The .NET multithreading APIs and constructs aimed at leveraging multicore processors
are:
• Parallel LINQ or PLINQ
• The Parallel class
• The task parallelism constructs
• The concurrent collections
• SpinLock and SpinWait
These are new to Framework 4.0 and are collectively known as PFX (Parallel Framework).

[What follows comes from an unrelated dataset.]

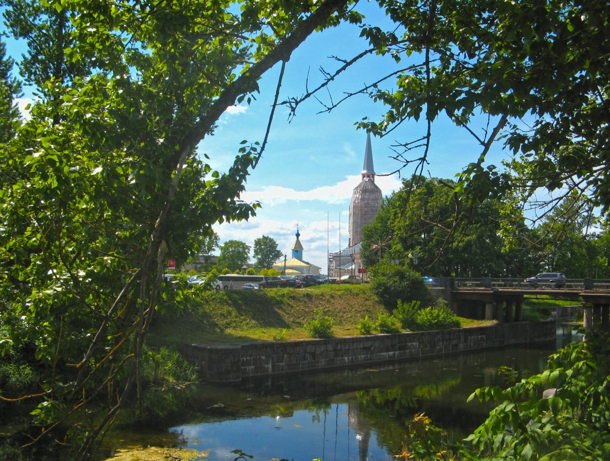 На представленной фотографии запечатлён величественный вид на старинный город Шлиссельбург, что в Ленинградской области. Центральным элементом композиции является колокольня Благовещенского собора — духовной доминанты и одной из главных православных святынь города. Стройный шатровый шпиль колокольни, устремлённый в небеса, символизирует молитвенное предстояние перед Господом.

The Parallel class together with the task parallelism constructs is called the
Task Parallel Library or TPL.
Why Parallel?
In recent years, CPU clock speed increases have reached a plateau, and manufacturers
have focused instead on increasing core counts. This is an issue for us as developers
since our typical single-threaded code will not automatically take advantage
of the fact that the box it's running on has a CPU with multiple cores. In order
to really take advantage we've had to partition our operation into small chunks,
execute these in parallel via the Threadpool, and collate the results in a threadsafe
way. This type of operation -- prior to PFX -- was awkward, error-prone, and
the usual approach of locking on objects for thread safety causes a lot of contention
when many threads are attempting to work on the same data.
PFX has two main concepts, data parallelism and task parallelism. When a set of tasks
has to be performed on many data values, you can parallelize by having each thread
do the same set of tasks on a subset of the values. This is data parallelism
because we are partitioning the data between threads.
Conversely, with task parallelism we partition the tasks, each thread performing
a different task.
In .NET Framework 4.0, PFX components are broken down into the Parallel Class and
PLINQ. With the Parallel class, you need to explicitly write code that will handle
partitioning and collation. With PLINQ, all steps are automated; you simply declare
that you want your work parallelized, structure it as a LINQ query, and off you
go.
To use PLINQ, simply call AsParallel() on the input sequence and continue the LINQ
query as you normally would. PLINQ is especially useful on queries that are not
necessarily CPU - intensive but which involve a blocking call - such as waiting
for a web page to download, or for a Ping call to return:
using System;
using System.Collections.Generic;
using System.Linq;
using System.Net.NetworkInformation;
using System.Text;
namespace PFX
{
class Program
{
static void Main(string[] args)
{
var query = from site in new[]
{
"www.eggheadcafe.com",
"www.microsoft.com",
"www.google.com",
"www.bing.com",
"www.yahoo.com",
"www.codeplex.com"
}
.AsParallel().WithDegreeOfParallelism(6)
let p = new Ping().Send(site)
select new
{
site,
Result = p.Status,
Time = p.RoundtripTime
};
foreach(var s in query.ToList())
{
Console.WriteLine(s.site+ ": "+s.Result + ": " + s.Time);
}
Console.ReadKey();
}
}
}
WithDegreeOfParallelism forces PLINQ to run the specified number of tasks simultaneously. You need to do
this when calling a blocking method because PLINQ will assume that the query
is CPU- intensive and allocate tasks accordingly. On a two - core machine, PLINQ
might default to running only two tasks at once, which is clearly not what we
want in this example.
Improving performance with ForAll()
A big advantage of PLINQ is that it collates results from parallel operations into
a single output sequence. Often all you end up doing with that is to call some
method over each element. In that case, when you do not care about the order
in which the elements are processed, you can improve performance with PLINQ's
ForAll method.
So in the example above, instead of the foreach loop, we could just do something
like this:
query.ForAll(Console.Write);
The Parallel Class
Parallel.Invoke executes an array of Action delegates in parallel, and waits for
them to complete.
Here is how we could use Parallel.Invoke to download all of the above default site
pages:
Parallel.Invoke(
()=> new WebClient.DownloadFile("http://www.eggheadcafe.com","one.htm"),
()=> new WebClient.DownloadFile("http://www.microsoft.com", "two.htm"),
()=> new WebClient.DownloadFile("http://www.google.com", "three.htm"),
()=> new WebClient.DownloadFile("http://www.bing.com", "four.htm"),
()=> new WebClient.DownloadFile("http:/www.yahoo.com", "five.htm"),
()=> new WebClient.DownloadFile("http://www.codeplex.com","six.htm")
);
This short article just gives a quickie look at PFX. For more information, see the Parallel Whitepaper. This is a remarkable PDF whitepaper by Stephen Toub, and it's free. There is also
a link within this to the Parallel Samples solution. Another good resource for
PFX is "C# 4.0 In a Nutshell" by the Albahari brothers, which I have reviewed on this site.